Recorded information —

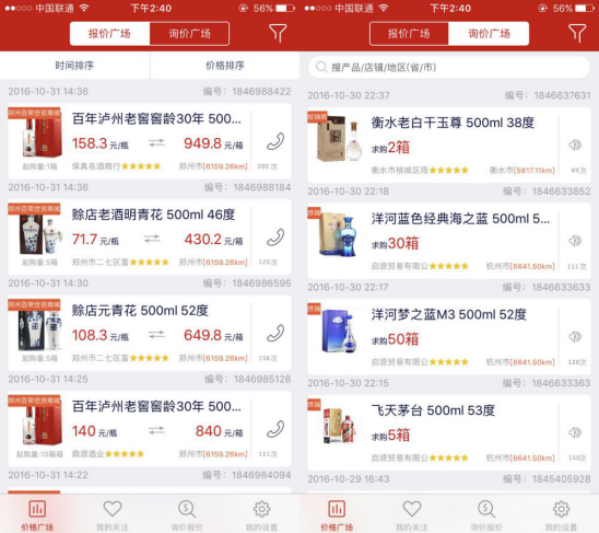 此次酒商網APP優化升級,推出了全國批發市場、產品代理系統以及招聘求職系統三大系統。其中,最讓終端煙酒店老板心儀的要數線上全國批發市場系統了。在全國批發市場系統,進駐用戶可以在線上直接搜索到全國范圍內各種產品的批發價格,比較眾多商家的產品報價,發布庫存產品銷售信息。在酒商APP平臺實現了商家之間的直接溝通與交流,拒絕中間商賺差價。
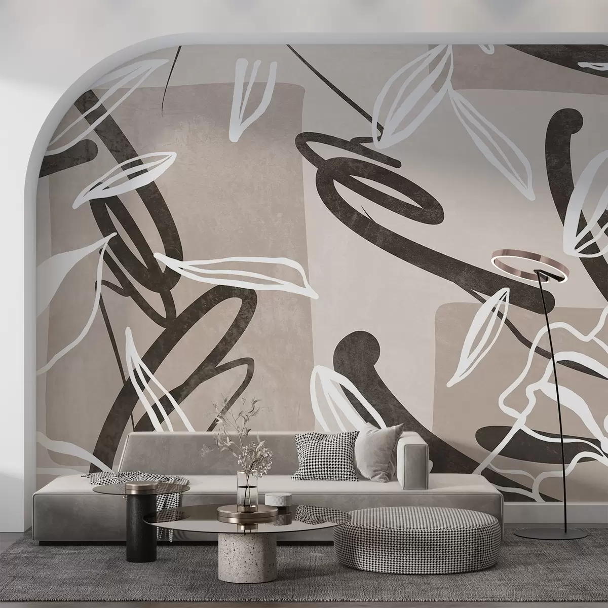 Fototapeten Abstraktes, strukturiertes, modernes und minimalistisches Design mit floralen Elementen in einer neutralen beigen Farbpalette Nr. w08888
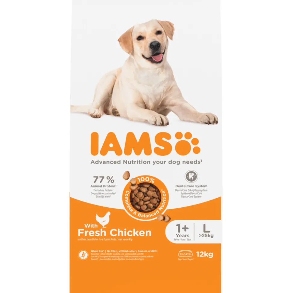 Iams for Vitality voor volwassen honden van grote rassen is een 100% complete en uitgebalanceerde specialistische voeding die de gezondheid en vitaliteit van jouw hond op 7 punten ondersteunt, waaronder zijn groei en ontwikkeling. Dit alles zit in een heerlijk recept met 77% dierlijke eiwitten (van het totale eiwitgehalte), waar jouw huisdier elke dag weer van kan genieten.
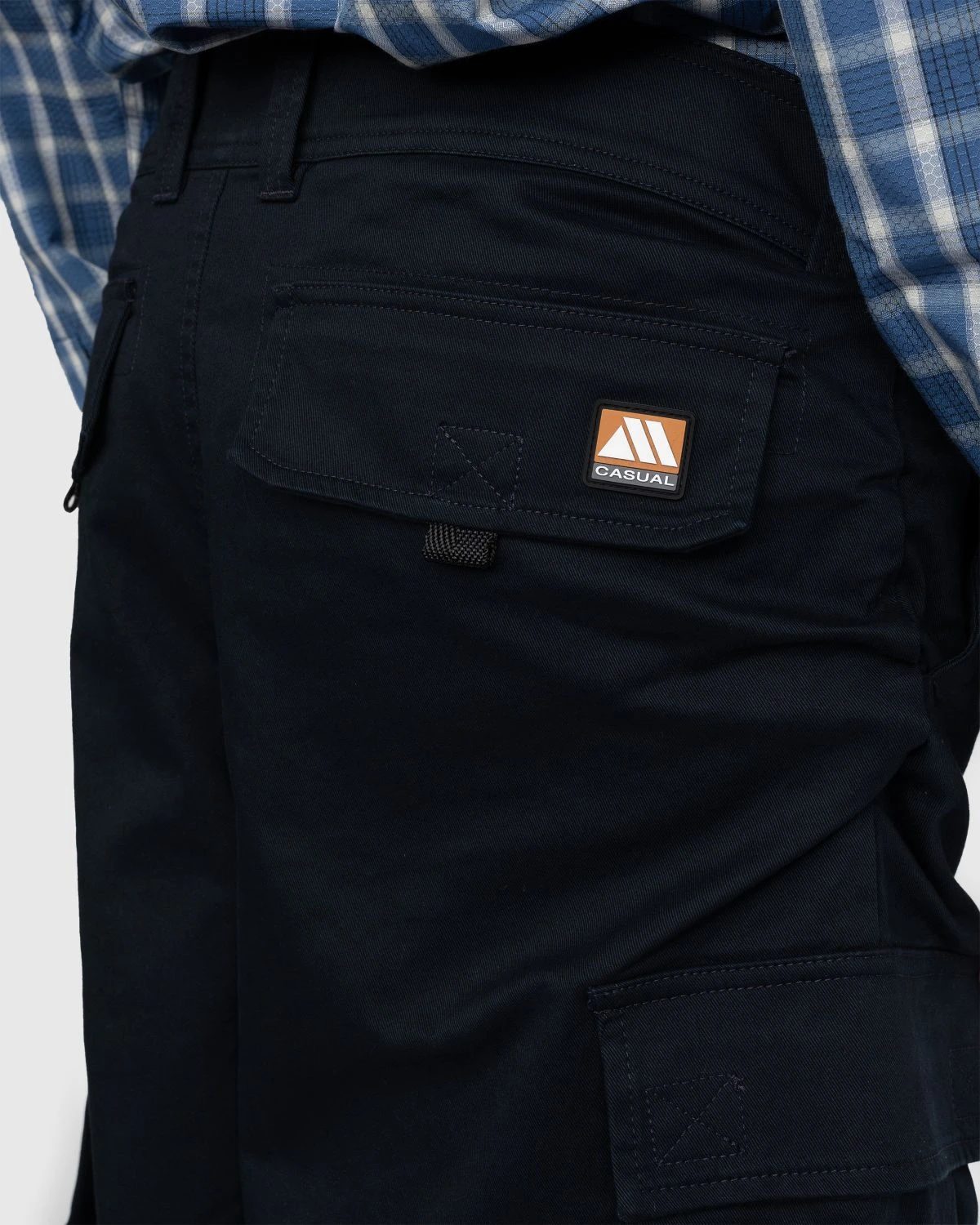 97% cotton. 3% elastane. Button closure. Zip fly. Belt loops. Tightened crotch area creates a pulled effect around the zip. Drawstring at the ankles. Side hand pockets. Two back flap pockets. Four cargo pockets. Seasonal branded tabs. Logo detail at the left leg.
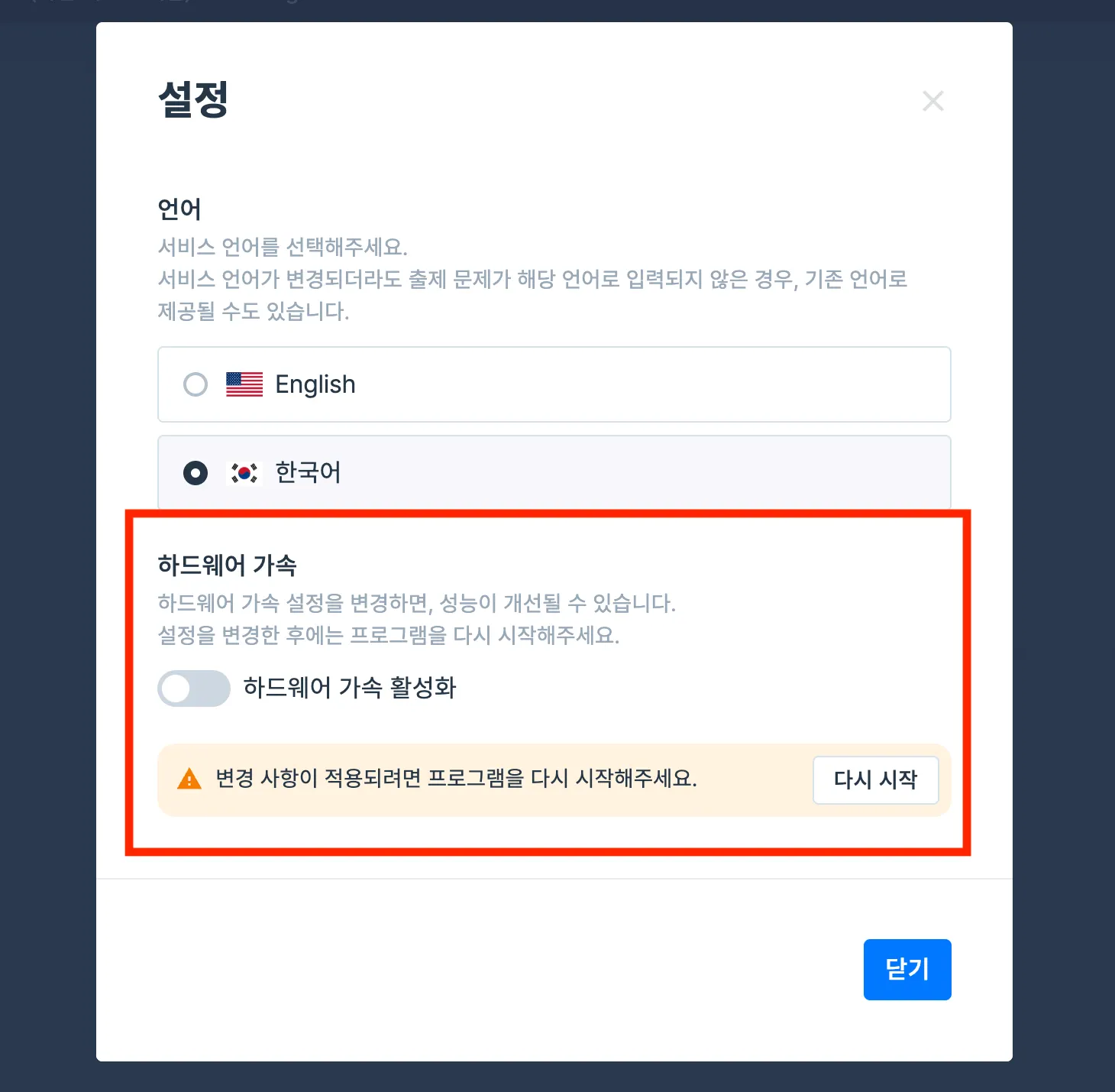 우측 상단 설정 메뉴 > 하드웨어 가속 해제
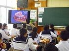 5,6校時はかしのきタイム(総合的な学習の時間)でした。1年生は宿泊体験の事前学習、2年生は修学旅行の事前学習、3年生は福祉体験の事前学習を行いました。1年生は体育館で全体的な指導を行ったあとに宿泊体験について流れなどを確認しました。2年生は多目的室で自主研修について業者の方から指導を受けました。3年生は木工室で、福祉についてDVD教材を用いて学習していました。それぞれの学年でテーマを定めて年間を通して学習を進め、文化発表会での発表や小中合同学習会での発表など資料として活用していきます。しっかりと調べ学習を進めてください。
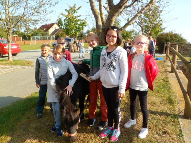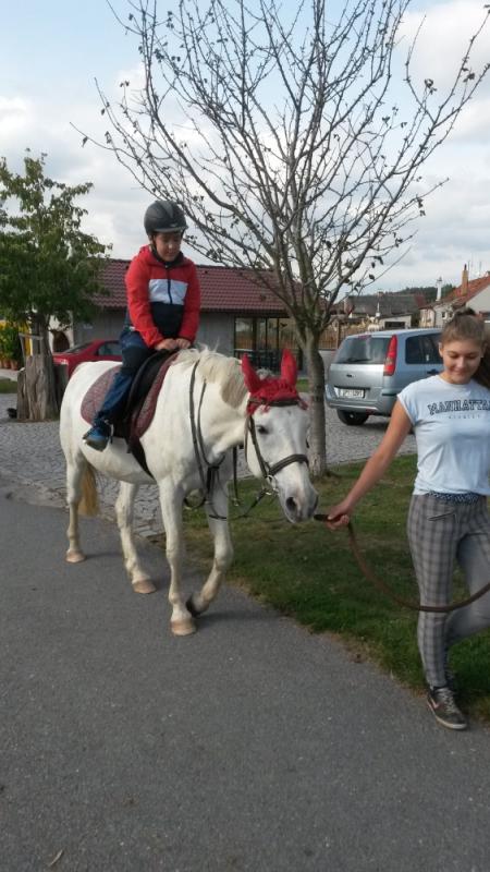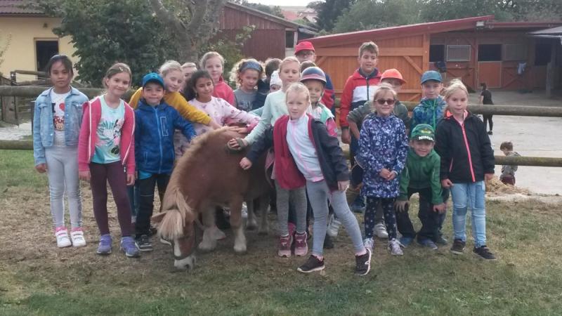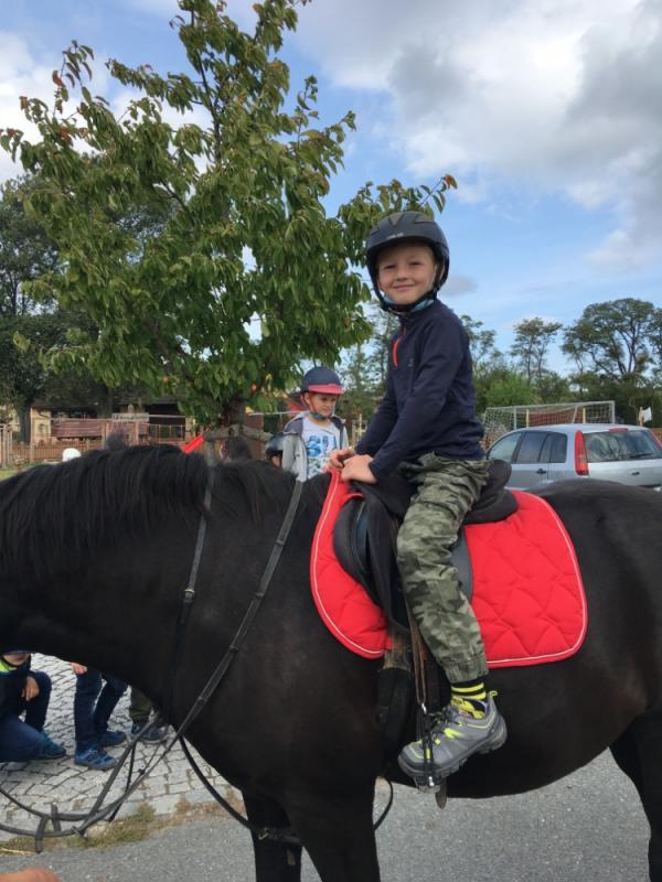 A pak přišlo to, na co se všichni moc těšili – zvířata. Kozy, psi a hlavně koně. Asi největším zážitkem byla právě jízda na jednom z nich. O všech zvířatech se malí farmáři dozvěděli spoustu zajímavostí i zvířecích příběhů. Dnes by se už děti uměly o zvířátka postarat a dokonce je nakrmit vhodnou potravou. A když se k tomu všemu přidá hezké počasí, usměvavé paní lektorky a dobrá svačina, nezbývá než říci: „Prima den“.

Requirement —
Omitting all pictures, restate word for word the lines from the one containing "Fototapeten Abstraktes, strukturiertes, modernes" through the last line of the data.

Answer to this exercise —
 Fototapeten Abstraktes, strukturiertes, modernes und minimalistisches Design mit floralen Elementen in einer neutralen beigen Farbpalette Nr. w08888
 Iams for Vitality voor volwassen honden van grote rassen is een 100% complete en uitgebalanceerde specialistische voeding die de gezondheid en vitaliteit van jouw hond op 7 punten ondersteunt, waaronder zijn groei en ontwikkeling. Dit alles zit in een heerlijk recept met 77% dierlijke eiwitten (van het totale eiwitgehalte), waar jouw huisdier elke dag weer van kan genieten.
 97% cotton. 3% elastane. Button closure. Zip fly. Belt loops. Tightened crotch area creates a pulled effect around the zip. Drawstring at the ankles. Side hand pockets. Two back flap pockets. Four cargo pockets. Seasonal branded tabs. Logo detail at the left leg.
 우측 상단 설정 메뉴 > 하드웨어 가속 해제
 5,6校時はかしのきタイム(総合的な学習の時間)でした。1年生は宿泊体験の事前学習、2年生は修学旅行の事前学習、3年生は福祉体験の事前学習を行いました。1年生は体育館で全体的な指導を行ったあとに宿泊体験について流れなどを確認しました。2年生は多目的室で自主研修について業者の方から指導を受けました。3年生は木工室で、福祉についてDVD教材を用いて学習していました。それぞれの学年でテーマを定めて年間を通して学習を進め、文化発表会での発表や小中合同学習会での発表など資料として活用していきます。しっかりと調べ学習を進めてください。
 A pak přišlo to, na co se všichni moc těšili – zvířata. Kozy, psi a hlavně koně. Asi největším zážitkem byla právě jízda na jednom z nich. O všech zvířatech se malí farmáři dozvěděli spoustu zajímavostí i zvířecích příběhů. Dnes by se už děti uměly o zvířátka postarat a dokonce je nakrmit vhodnou potravou. A když se k tomu všemu přidá hezké počasí, usměvavé paní lektorky a dobrá svačina, nezbývá než říci: „Prima den“.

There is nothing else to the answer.